I thought my brother and I were getting closer after my mother's death, but when I made an off-hand reference to one of several times my mother admitted to her part in the abuse when I was growing up, he verbally attacked me in public. When one of my very good friends stood up for me, he attacked her as well.
I struggled for months with what to do. I tried to reconcile, but I did not go to the lengths I went to with my mother--lengths that left me far more hurt than before my attempts. He clearly wanted to blame me, not reconcile.
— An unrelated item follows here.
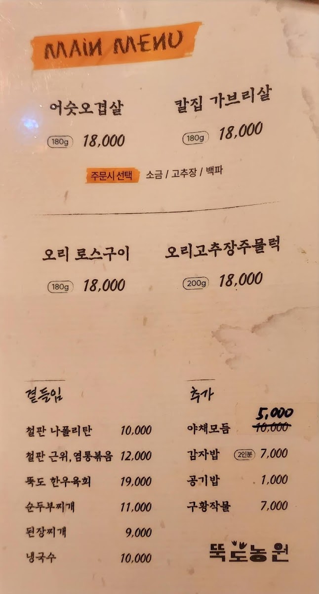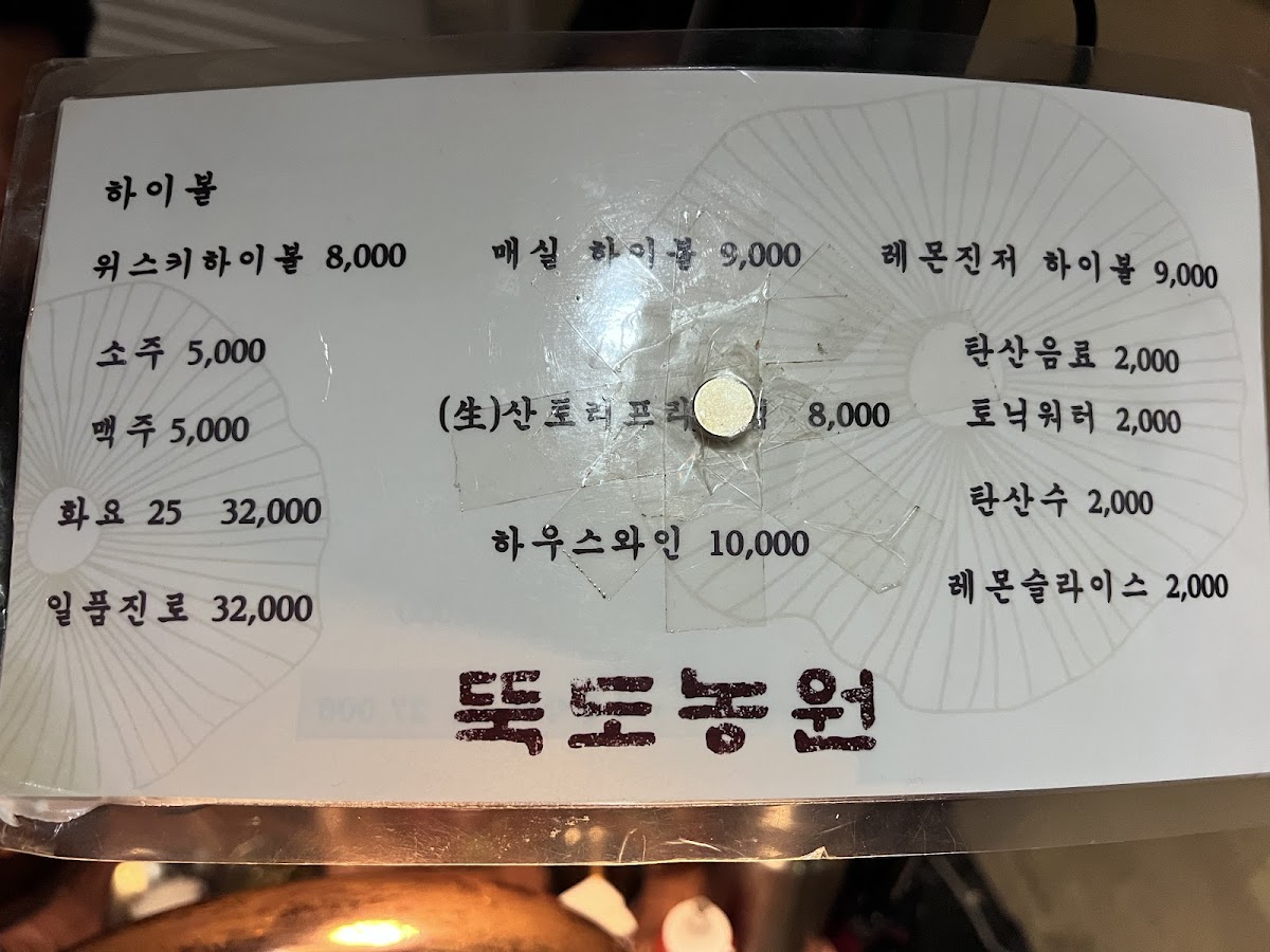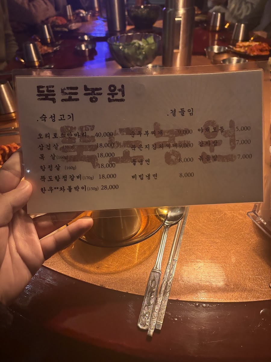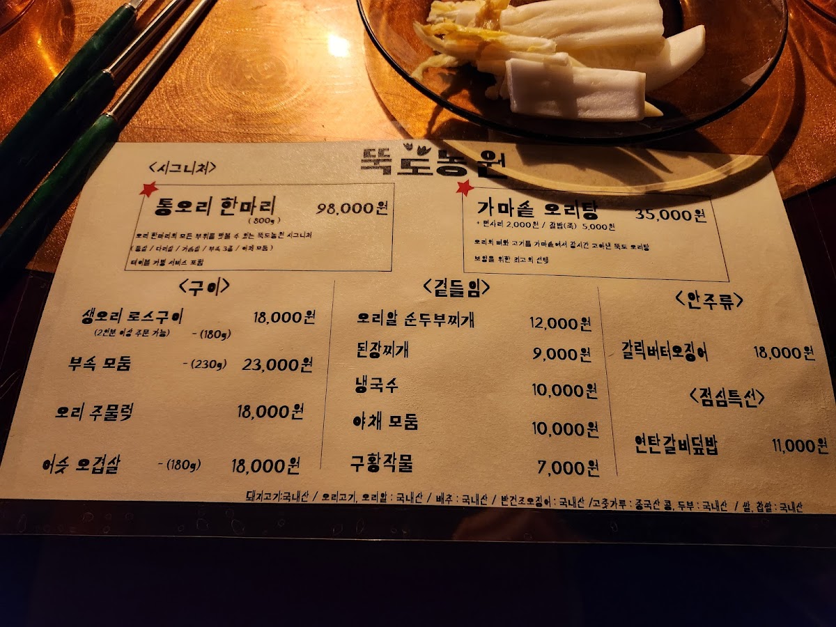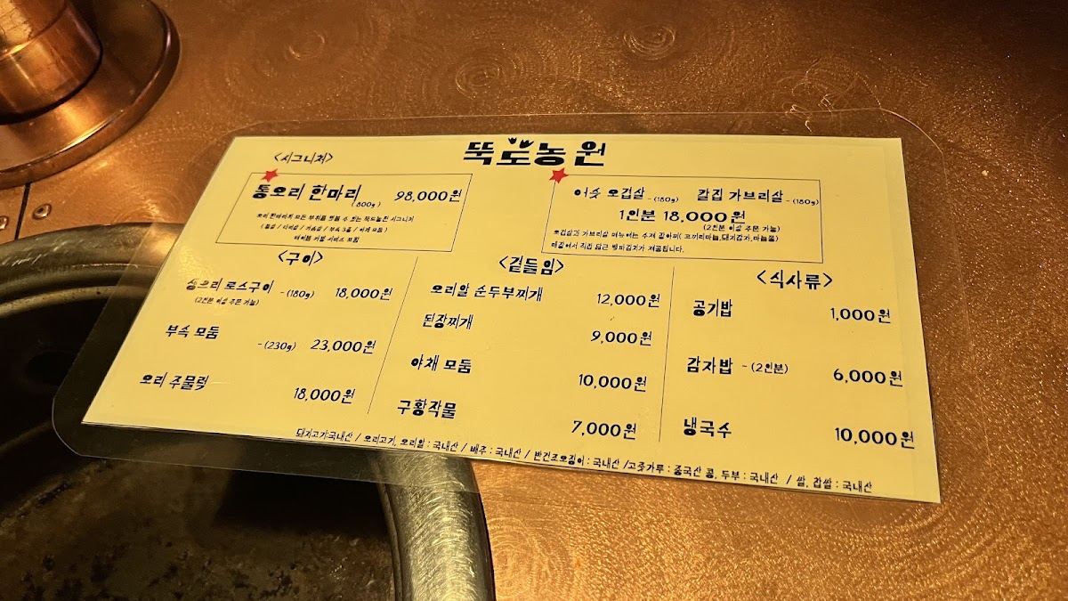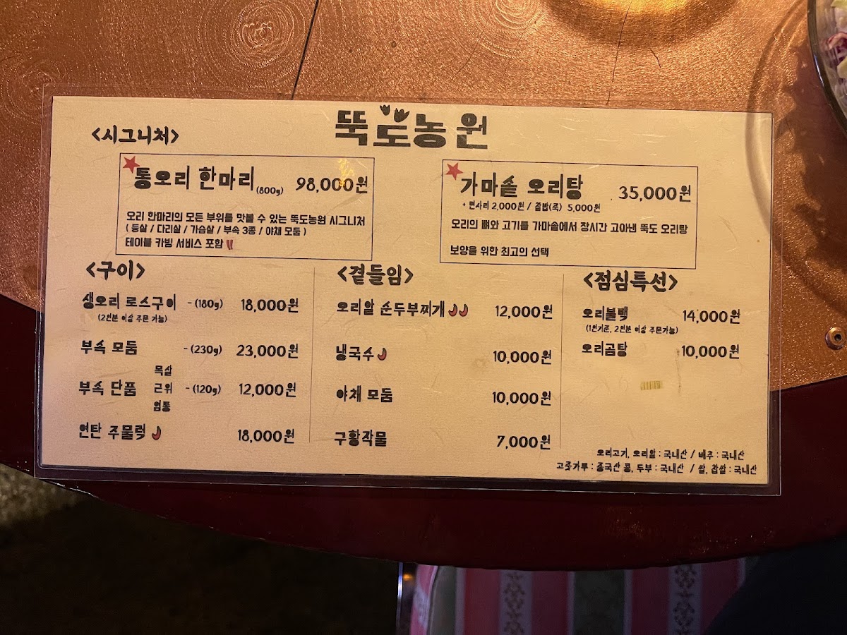 The menu at Ddukdo Nongwon offers a delightful variety of traditional Korean dishes, with a clear emphasis on duck. Among the most popular choices is the 오리로스 (Duck Roast), a signature dish known for its tender and flavorful duck served with crispy skin, a must-try for any meat lover. For those who prefer a more rustic dish, the 오리탕 (Duck Soup) is a hearty option, perfect for warming up during the colder months. The 오리불고기 (Duck Bulgogi), marinated in a sweet and savory sauce, provides a delicious balance of flavors.

I was finally able to chalk it up to his own grief and let it go.
With a great deal of help and support, and with--I strongly believe--no small amount of spiritual intervention (I am one of those people who believes G-d is at work in the world, though maybe not in ways we'd expect, or even hope), I have a sense of who I really am, an idea of maybe who G-d wants me to be.
My counselor offered this in her interpretation of kibud av v'em--honor your father and mother: "Parenting, at its root, means helping your child become the best person s/he can be. So the best way to honor your parents is to be true to yourself, and become the person you were meant to be, the person G-d created you to be." I needed to hear that, right then. It finally clicked.
I feel like I am finally accepting who I am--who I really am--even with my flaws, my mistakes, the possibility that severe anxiety and/or depression may once again visit. And I am okay. Yes, I can do better; there's always a place for introspection, evaluation, and improvement. But my core, my essence, my Yiddishe neshama, is accepted and loved, and I am worth loving and worth acceptance. I don't have to disappear from my makom kavua because someone else is more worthy than I am. I can sit in my fixed place (where I have sat for sixteen years now) and invite others to sit with me.
This is all a huge change in perception for me. And for the last 17 days (it's that new) it has stuck. I pray it sticks forever.
In fact I have felt so accepting of myself that I have toyed with the idea of dashing my anonymity (whatever of it I have left) and coming out, so to speak. I didn't when I set up this blog because I feared what others would think, that I would lose my credibility, my job, my friends, if I owned up to what was really going on inside of me: the depression, the anxiety, the fear, the hurt, the wounded child.
Now, I don't worry so much about what others think of me because my opinion of myself is the one I have to live with (did I just say that out loud?). And for the past several decades, it's been a pretty negative one. Perhaps because it is a more positive opinion now, I am going through a sort of honeymoon period. For that reason, I will give the idea of "coming out" some time. There still may be things I don't want to admit publicly, under any name other than Rivka.